The end of road for Benjamin Netanyahu

İsrail’de 2’inci kez yapılan seçimlerde de sonuç alınmamasının ardından 2 Mart 2020 tarihinde tekrardan seçimlere gidilmesi kararı alınmıştı. Hükümet krizi devam ederken 21 Kasım’da İsrail Başsavcısı Avichai Mandelblit’in, Başbakan Binyamin Netanyahu’nun yargılanması yönünde açıklamada bulunması yeni bir siyasi belirsizliği yol açtı.

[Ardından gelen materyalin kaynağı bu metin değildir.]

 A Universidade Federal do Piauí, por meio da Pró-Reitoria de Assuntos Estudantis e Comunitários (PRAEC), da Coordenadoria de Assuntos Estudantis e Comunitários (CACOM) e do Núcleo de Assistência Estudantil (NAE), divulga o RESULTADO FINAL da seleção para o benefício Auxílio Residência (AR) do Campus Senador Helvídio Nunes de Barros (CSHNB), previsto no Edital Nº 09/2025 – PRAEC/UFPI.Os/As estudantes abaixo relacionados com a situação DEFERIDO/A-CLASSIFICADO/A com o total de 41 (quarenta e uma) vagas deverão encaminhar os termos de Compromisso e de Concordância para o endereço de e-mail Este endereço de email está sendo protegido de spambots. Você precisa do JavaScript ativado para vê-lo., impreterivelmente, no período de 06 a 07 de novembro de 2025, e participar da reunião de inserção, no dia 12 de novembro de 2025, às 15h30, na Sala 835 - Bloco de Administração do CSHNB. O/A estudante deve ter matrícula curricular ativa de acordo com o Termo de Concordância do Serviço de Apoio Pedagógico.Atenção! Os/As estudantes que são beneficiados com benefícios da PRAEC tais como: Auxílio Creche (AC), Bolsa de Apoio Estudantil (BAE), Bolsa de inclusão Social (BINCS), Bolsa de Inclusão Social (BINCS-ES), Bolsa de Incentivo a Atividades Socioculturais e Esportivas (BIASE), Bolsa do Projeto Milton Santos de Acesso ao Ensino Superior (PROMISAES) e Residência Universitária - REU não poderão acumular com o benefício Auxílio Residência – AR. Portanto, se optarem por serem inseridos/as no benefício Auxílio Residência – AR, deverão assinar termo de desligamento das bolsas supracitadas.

2016 yılında polisin, Netanyahu hakkındaki iddialarla ilgili soruşturmaya başlaması İsrail siyasetinde ilk defa görevdeki bir başkanın yargı önüne çıkarılmasının yolunu açmıştı. Polisin ilk adımı atması ve Başsavcı Mandelbilit’in başkanın yargılanabileceği yönünde açıklamalarda bulunması 3’üncü defa seçimlere gidecek olan İsrail’de ne gibi siyasi değişimlere neden olacaktır? Netanyahu’nun önderliğindeki Likud partisinde yaşanabilecek değişimler nelerdir?

 İsrail Başsavcısı Avichai Mandelblit

 

NETANYAHU’NUN SİYASİ ÇIKMAZI “YOLUN SONU KODES”

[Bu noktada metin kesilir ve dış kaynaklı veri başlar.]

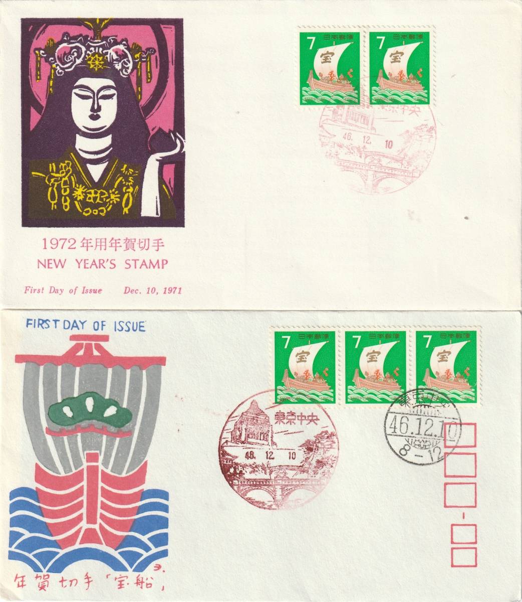 - FDC 1971年 年賀切手 宝船 7円10円 4通 JPSー松屋

Yirmi beş yıldan uzun süredir aktif siyasetçi olan ve İsrail’de Siyonist-sağ ideolojisinin bayrağını taşıyan Netanyahu’nun siyasi kariyeri bir dönüm noktası ile karşı karşıya. Yargılanması yönündeki kararlara siyasi kariyeri tehlikeye giren Netanyahu, hakkında açılan beş soruşturma dosyasından üçü nedeniyle mahkeme karşısına çıkacak. Netanyahu, rüşvet, görevi kötüye kullanma ve yolsuzluk suçlamalarıyla yargılanacak.

Yolsuzluk, görevi kötüye kullanma ve rüşvet soruşturması kapsamında Netanyahu’ya yönlendirilen suçlamaların dosyasında, “Bezeq” isimli telekomünikasyon şirketinin sahibi Shaul Elovitch, İsrailli Hollywood film yapımcısı Arnon Milchan, Avustralyalı milyarder James Packer ve Yedioth Ahronoth gazetesinin sahibi Arnon Mozes’in de isimleri geçiyor. Suçlamalar arasında en dikkat çekeni ise Netanyahu’nun “Bezeq” adlı telekomünikasyon şirketinin bünyesinde barındırdığı “Walla News” adlı internet sitesinde, kendisi ve ailesi lehine haberler yapılması karşılığında şirkete 276 milyon dolar değerinde mali imtiyaz sağlamasıdır. Diğer taraftan rüşvet ve görevi kötüye kullanma kapsamında ele alınan dosyada ise Netenyahu’nun siyasi fayda karşılığında hediye adı altında İsrailli Hollywood film yapımcısı Arnon Milchan ve Avustralyalı milyarder James Packer’dan 283 bin dolar değerinde şampanya, puro, mücevher ve uçak bileti aldığı iddia ediliyor. Ayrıca, Arnon Mozes’in sahip olduğu gazetenin yayın politikasının Likud partisinin lehine olacak şekilde değiştirmesi karşılığında, gazetenin rakibi olan İsrael Hayom gazetesinin rekabet gücünü azaltmaya yönelik yasal düzenlemelerin hükümet tarafından geçirilmesi konusunda anlaşıldığı sunulan dosyada yer alıyor. 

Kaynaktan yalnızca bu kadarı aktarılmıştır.